И теперь двойник Пилиппенковского знакомца стоял в нескольких шагах от их честной компании, хмуро поглядывая из-под широкого, похожего на перевернутое блюдце шлема на маленькую, но счастливую Марту.
- Успела... - выдавил, наконец, он. - Пигалица...
- Ах-ха, - еще ярче непонятной для Пилипенко радостью засветилась та. - Успела. А вот ты - нет. Гости перешли домовой порог, Торнвальд.
Только теперь Пилиппенко заметил, что прямо по земле под воротами проложена полоса из белого кирпича, словно бы отделяя двор от улицы.
Гигант глянул под ноги (его стоптанные сапоги стояли прямо на этой границе), отшагнул назад, пожевал сосредоточенно губы. Сзади, за его спиной, послышалось металлическое звяканье, скрип кожи, и чей-то злой голос вдруг крикнул:
- Да чего с ней разговаривать, капрал! Зря мы, чтоль, ноги-то топтали? Берем зверей, да в подвал их до завтрева, пусть магистрат с ними разбирается!
- Точно! - Поддержал его кто-то другой. - Наше дело - приказ, а думать пусть писарь думает, ему за это деньги платят!
- Гости перешли домовой порог! - звонко крикнула Марта, и Пилиппенко увидел, как побелели ее пальцы, сжатые в кулак. - Или это уже не Драхенбург?!

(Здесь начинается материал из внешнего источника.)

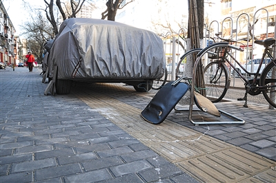 12月15日,东城区夕照寺街,一辆小轿车停在盲道上,一把坏掉的椅子被扔在盲道边。新京报记者 王嘉宁 摄
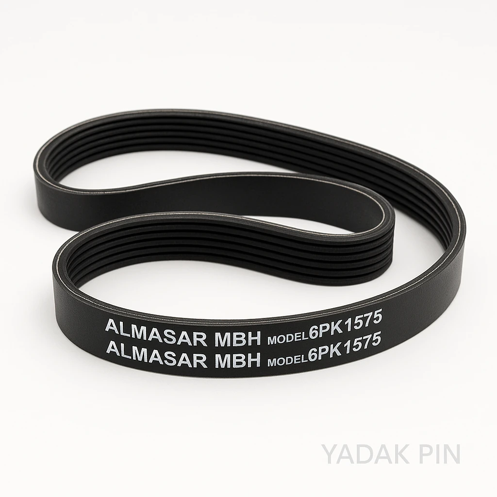 این تسمه ساختهشده از لاستیک مقاوم EPDM با الیاف تقویتشده است که دوام بالایی در دما و فشار بالا دارد. طول آن 1575 میلیمتر (کد فنی 6PK1575) بوده و طراحی دقیق شیارها باعث حرکت روان و کاملاً بیصدا میشود.

- Где ты гостей видишь, женщина? - из-за плеча здоровенного вояки выглянул еще один, пониже, с клочковатой неряшливой бородой на прыщавой роже. - Это ж звери, их место в графском подвале, а не у честного горожанина в гостях!
- Спасибо, добрый человек, что про меня вспомнил, - проблеял козлиный тенорок за спиной Пилиппенко, - А я вот, добрый Томас, лекарство для твоей благоверной заканчиваю, и мне очень мешает весь этот шум перед воротами. Или тебе оно уже без надобности? Жена больше не ругается, что ты так неохотно исполняешь супружеский до...
- Не-не, мастер Ульрик, надо, очень надо! Я после смены зайду, как только дежурство закончим!
- Ну так давай сразу пакетик отдам - ночная стража, судя по цвету неба, уже вас в караулке дожидается.
- Да я потом зайду, мастер Ульрик, мне не к спеху, - почему-то засмущался крикун с жидкой бороденкой, и подался назад, прячась за спиной крепыша-начальника.
Тот ухмыльнулся, покачал головой, потом стер с лица улыбку, пробежался глазами по лицам пришельцев, безошибочно выделил главного.
- Завтра, в третью стражу, вам следует явиться в магистрат. Всем.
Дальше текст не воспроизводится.